In short: it’s the foundation for long-term success. Which is why you need to get started on it.
Psst...you want to discover the tactics for leveraging social proof to enhance customer perception and total contract value? Our article has the details.
How to Create a Startup Marketing Plan in 9 Steps
Whether you’re a marketing team of one or have the resources to hire a bunch of marketing powerhouses, you can’t skip these steps to build a marketing plan. It will act as a blueprint for both the long-term goals you want to hit, and everyday tasks and activities. Let’s dive in:
1. Conduct a Market Analysis
“Whoever gets closest to their customer, wins,” wrote Bernadette Jiwa, a storytelling advisor and the author of 10 books on marketing and storytelling.
In other words, to meet the needs of your potential customers, you need to actually know what they need. Not just guess or assume, but be truly confident there’s a match between what your startup is doing and what your customers want to buy as a solution.
In fact, "no market need" is one of the leading reasons startups fail—35 percent of startups reported it as the driver behind their failure.

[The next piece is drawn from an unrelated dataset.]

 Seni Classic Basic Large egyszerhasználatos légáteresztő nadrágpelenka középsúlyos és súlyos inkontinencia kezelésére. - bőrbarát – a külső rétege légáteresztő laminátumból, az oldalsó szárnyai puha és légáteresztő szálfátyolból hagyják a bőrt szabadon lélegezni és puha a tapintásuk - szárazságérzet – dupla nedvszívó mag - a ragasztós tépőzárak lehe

The good news? That doesn’t have to be you. With market research, you can maximize your chances to hit the right spot with your ideal customers—both with your product and the way you market it to them. You’ll also have a better shot at attracting investors, finding gaps in customer expectations, and standing out in the market.

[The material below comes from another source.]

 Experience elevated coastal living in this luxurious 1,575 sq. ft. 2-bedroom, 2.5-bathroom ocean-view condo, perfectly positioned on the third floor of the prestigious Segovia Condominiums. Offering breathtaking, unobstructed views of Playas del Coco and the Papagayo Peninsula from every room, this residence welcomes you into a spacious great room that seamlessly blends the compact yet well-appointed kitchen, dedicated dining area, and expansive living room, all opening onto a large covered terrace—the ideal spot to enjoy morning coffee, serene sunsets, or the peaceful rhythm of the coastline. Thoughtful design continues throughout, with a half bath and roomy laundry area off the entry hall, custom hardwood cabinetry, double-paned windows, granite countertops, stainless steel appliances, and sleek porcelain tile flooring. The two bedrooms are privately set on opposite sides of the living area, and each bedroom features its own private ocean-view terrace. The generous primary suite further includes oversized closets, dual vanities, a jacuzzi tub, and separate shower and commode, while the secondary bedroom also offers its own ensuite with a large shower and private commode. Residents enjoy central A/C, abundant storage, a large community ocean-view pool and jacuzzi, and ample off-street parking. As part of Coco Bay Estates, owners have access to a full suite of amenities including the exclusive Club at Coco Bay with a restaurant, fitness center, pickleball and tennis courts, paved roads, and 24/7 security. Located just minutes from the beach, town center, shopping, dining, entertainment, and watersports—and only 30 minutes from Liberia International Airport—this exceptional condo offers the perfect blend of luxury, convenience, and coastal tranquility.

You can take two routes when it comes to market analysis, and it’s best if you can combine them:
- Primary research: Original data you collect through experiments, interviews, focus groups, surveys, and observations
- Secondary research: Existing data you curate from tools like ZoomInfo and Crunchbase, and resources like McKinsey, trade associations, journals, CDC, etc.
The goal is to assess your target market’s needs, challenges, characteristics, and purchase behaviors. As you run your analysis, take note of:
- Any relevant demographics, like age ranges, job titles, income ranges, and locations
- Words and phrases customers use to describe their needs or pain points
- Products, services, and solutions they consider when looking to solve a pain point
- Price ranges they find acceptable for specific solutions
- Content consumption habits, like channels and formats they opt for when researching and/or learning
Also, don’t forget that if you already have a customer base, that’s a fantastic place to start exploring your market’s problems and decision-making process.

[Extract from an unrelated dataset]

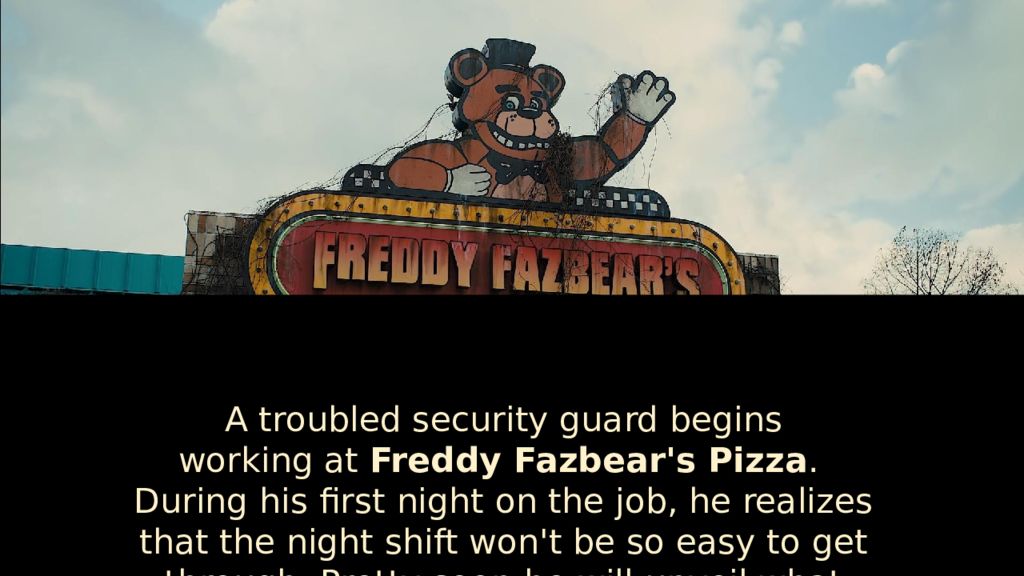 A troubled security guard begins working at Freddy Fazbear's Pizza. During his first night on the job, he realizes that the night shift won't be so easy to get through. Pretty soon he will unveil what actually happened at Freddy 's.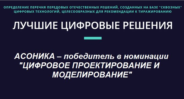 В номинации «ЦИФРОВОЕ ПРОЕКТИРОВАНИЕ И МОДЕЛИРОВАНИЕ» победителем признана Автоматизированная система обеспечения надёжности и качества аппаратуры АСОНИКА

2. Define Your Target Audience
Your next step is to develop and document an ideal customer profile (ICP), or a description of a company that would get significant value from using your product, and provide significant value to your company. Take 5-10 attributes that represent your ideal customer. If you sell to B2B customers, those attributes might include:
- Funding status
- Company size
- Ubicación
- Industria
- Type of customers they serve
- Key decision makers
The idea is to have a set of guidelines that will guide not just your marketing efforts, but enable every team to focus on the same, ultimate target customer. For example, teams can reference it to:
- Hire full-time or freelance pros, like marketing team members, SEO consultants, freelance writers, graphic designers, and more
- Qualify leads against clear criteria to make sure they have the potential to convert and get value from your product
- Plan future product updates and launches
ICP is usually used in a B2B setting—hence the focus on the company as a whole vs. an individual—but you can use it in conjunction with a buyer persona. It’s more commonly used in B2C sales and marketing, but it describes the individual that buys your product, so it can help you better understand the role, goals, pain points, and interests of the decision makers you market and sell to.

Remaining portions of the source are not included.